How would I go about making the already tiled floor on a slab foundation slope out the door rather than down the waste that was blocked externally (long story, don't ask)
The water appliances are within 1500 of the external door so would I only slope half of the floor towards outside? 
Considering I am going to re-tile would it be better to install the cabinets first then tile? Over half of the tiles will be hidden under the cabinets so it seems a bit of a waste to pay for them.

----------


## Oldsaltoz

> How would I go about making the already tiled floor on a slab foundation slope out the door rather than down the waste that was blocked externally (long story, don't ask)
> The water appliances are within 1500 of the external door so would I only slope half of the floor towards outside?  Doable. but you end up with a step up at the doorway if it's a typical laundry with one internal and one external door. 
> Considering I am going to re-tile would it be better to install the cabinets first then tile? Over half of the tiles will be hidden under the cabinets so it seems a bit of a waste to pay for them.
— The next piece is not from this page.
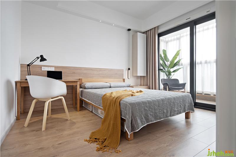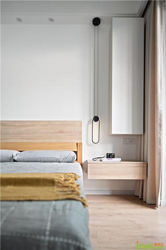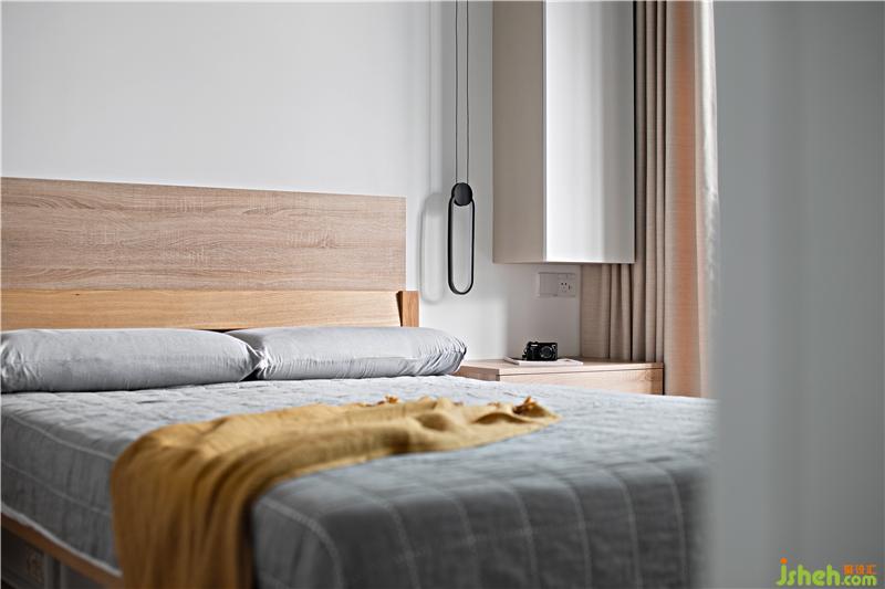 主臥,家具也都是延續(xù)了客餐廳的原木風(fēng)格,搭配溫柔的灰色,大面積留白,使臥房更加溫潤明亮,營造理想的睡眠環(huán)境;整面的儲(chǔ)物柜保證房間的干凈整潔。

  I would put the cabinets up high rather allow water to be trapped under them and possibly rot out the base. Water will pass through the tile grout and the screed.
Also note, standard screed should not be less than 25mm thick, so you might be looking at a levelling compound with a little washed (clay free) sand added. 
Good luck and fair winds :Smilie:

----------


## OneZero

> I would put the cabinets up high rather allow water to be trapped under them and possibly rot out the base. Water will pass through the tile grout and the screed.
> Also note, standard screed should not be less than 25mm thick, so you might be looking at a levelling compound with a little washed (clay free) sand added. 
> Good luck and fair winds

  Thanks mate. It might be worth my time getting all the old tile up then. When you say put the cabinets up high what do you mean? As in do not put the tiles down last? I didn't think of the water getting trapped there if there is a flood.

----------


## Oldsaltoz

An alternative might be to mount any timber cabinets on a water proof material, perhaps the recycled plastics that look like timber instead of the standard kick board. 
Have you looked at cutting a channel into the existing slab, you could direct this to a new drain on the outside. This could possibly mean you do not have to lay new tiles. 
Re why have the cabinets high, it's to reduce the risk of water damage. 
Good luck and far winds.   :Smilie:

----------


## OneZero

> An alternative might be to mount any timber cabinets on a water proof material, perhaps the recycled plastics that look like timber instead of the standard kick board. 
> Have you looked at cutting a channel into the existing slab, you could direct this to a new drain on the outside. This could possibly mean you do not have to lay new tiles. 
> Re why have the cabinets high, it's to reduce the risk of water damage. 
> Good luck and far winds.

  I don't mind ripping the tiles up. The cabinets will be raised up anyway on the leveling feet. The kick boards would be ruined if there is a flood.

----------